1. Where batch jobs fit in

Style Trigger Response-time goal Example
Online service User click / API call Milliseconds “Show me my Instagram feed”
Batch job (offline) Scheduler or manual start Minutes – days; focus on throughput “Re-calculate all product recommendations every night”
Stream job (near-real-time) Event arrival Seconds “Detect fraud within a minute of a card swipe”

2. Unix philosophy → Big-data philosophy


3. Under the hood of a MapReduce job

  1. Split input into blocks (for example, 128 MB pieces on HDFS).
  2. Map phase – run user code on each block, emit (key, value) pairs.
  3. Shuffle & sort – framework partitions by key hash, sorts, and ships data to reducers.
  4. Reduce phase – user code sees one key at a time with all its values, writes results.

Rule of thumb: Mappers prepare data, shuffle moves data, reducers finish data.


4. Joins and grouping at scale – know three patterns

Pattern When to use Analogy
Reduce-side sort-merge join Both inputs are big.
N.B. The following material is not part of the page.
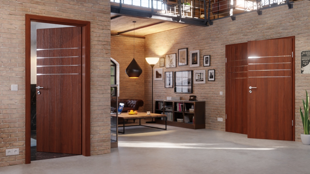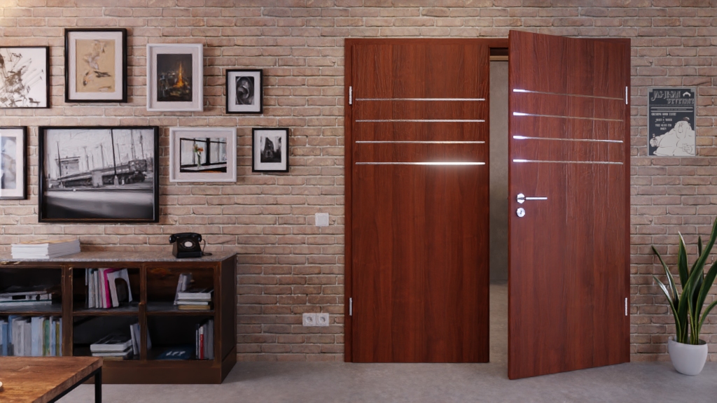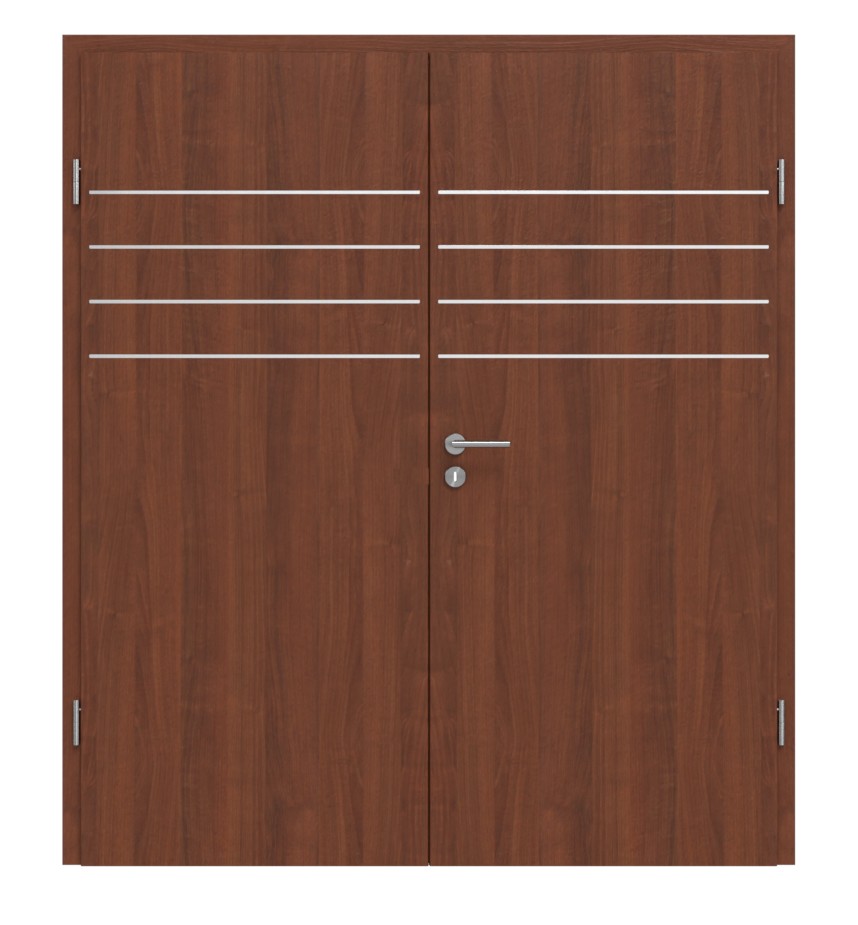 Dekor orzechowa zachwyca naturalnością i ciepłą barwą, a ponadto wygląda jak prawdziwe drewno. Do tego dochodzą cztery poziome listwy, które znajdują się w górnej części poszczególnych skrzydeł drzwiowych.

Framework sorts by key, sends same keys to one reducer. Classic relational join pushed into reduce phase.
Broadcast (replicated) hash join One input fits in RAM. Copy it to every mapper; hash-lookup as you stream the big side. “Little black book next to you while scanning a huge ledger.”
Partitioned hash join Both inputs big but pre-partitioned the same way. Build hash table per partition. “Each worker owns a shard of both tables.”

Interview hint: articulate the trade-off—network vs. memory vs. duplicate work.